Jack Brady was back.
A Sincere Thank You to the Stony Brook Heart Care Team
“The combined efforts of Drs. Franco, Tannous and Dr. Tannous’s co-surgeon, Sathappan Kumar, MD, saved my husband’s life,” says Sharon. “We were very fortunate to have such a superior level of care and the best heart doctors available, right here in our community.”
Adds Jack: “There are no words that can do justice to how we feel about the Stony Brook heart surgery team. Not only was the care received at every turn, excellent—even what was supposed to be a scar down the center of my chest is, now, just a few weeks later, almost invisible—there was not a single person who was not loving and caring.”
“I never felt alone or forgotten or afraid,” says Jack. “Suffice it to say our whole experience with Stony Brook was amazing.”
Jack wants to make sure that his heart—and everyone else’s—keeps beating for as long as possible. “I had a bit of a scare and I was very lucky because I’m still here. My advice after this whole heart journey: Eat smart—low sodium, low fat, you know the drill by now—find the right cardio exercise for you and get tested. Even if you think you are doing pretty well and feeling pretty good, get your heart checked out, because in all honesty, you just never know."
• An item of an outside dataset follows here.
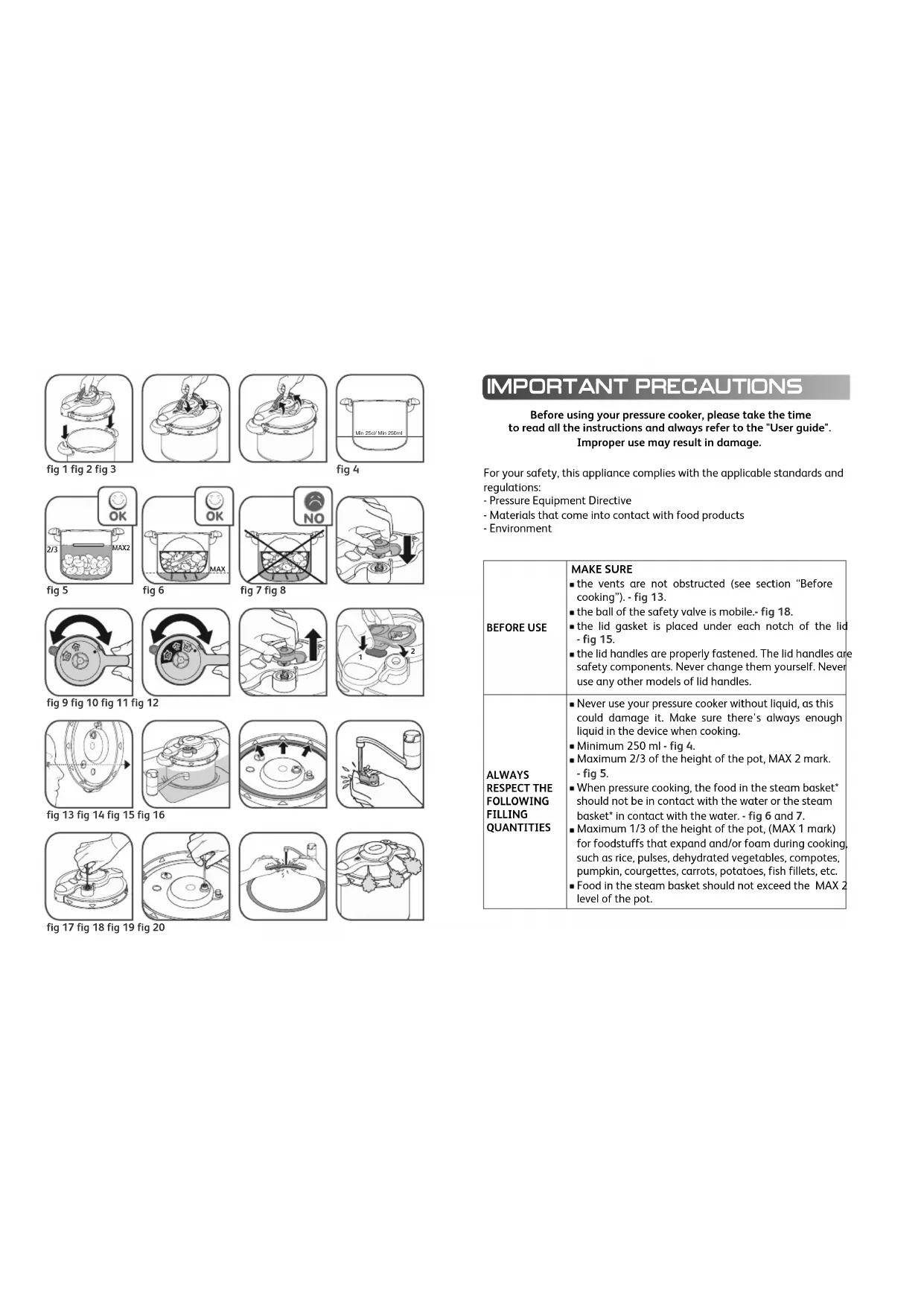 fig 13 fig 14 fig 15 fig 16 fig 17 fig 18 fig 19 fig 20 Before using your pressure cooker, please take the time to read all the instructions and always refer to the "User guide". Improper use may result in damage. For your safety, this appliance complies with the applicable standards and regulations: - Pressure Equipment Directive - Materials that come into contact with food products - Environment IMPORTANT PRECAUTIONS BEFORE USE MAKE SURE the vents are not obstructed (see section “Before cooking”). - fig 13. the ball of the safety valve is mobile.- fig 18. the lid gasket is placed under each notch of the lid - fig 15. the lid handles are properly fastened. The lid handles are safety components. Never change them yourself. Never use any other models of lid handles. ALWAYS RESPECT THE FOLLOWING FILLING QUANTITIES Never use your pressure cooker without liquid, as this could damage it. Make sure there's always enough liquid in the device when cooking. Minimum 250 ml - fig 4. Maximum 2/3 of the height of the pot, MAX 2 mark. - fig 5. When pressure cooking, the food in the steam basket* should not be in contact with the water or the steam basket* in contact with the water. - fig 6 and 7. Maximum 1/3 of the height of the pot, (MAX 1 mark) for foodstuffs that expand and/or foam during cooking, such as rice, pulses, dehydrated vegetables, compotes, pumpkin, courgettes, carrots, potatoes, fish fillets, etc. Food in the steam basket should not exceed the MAX 2 level of the pot. TE_IFU_CLIPSOMINUT_1520007351_COVER_SPIN22MM.qxp_Mise en page 1 20/08/2018 16:56 Page21

At home, Jack with his son
“My final two cents: Thank you to my incredible son, Jack, and to all my family and friends for their much appreciated support and good wishes—and a very special shout-out to my beloved Sharon who, as of this past June 26, will have put up with me for 39 years."
“Thank you, Sharon, for being there and for having my back—and my heart—every step of the way these 39 years. I have been blessed beyond measure.”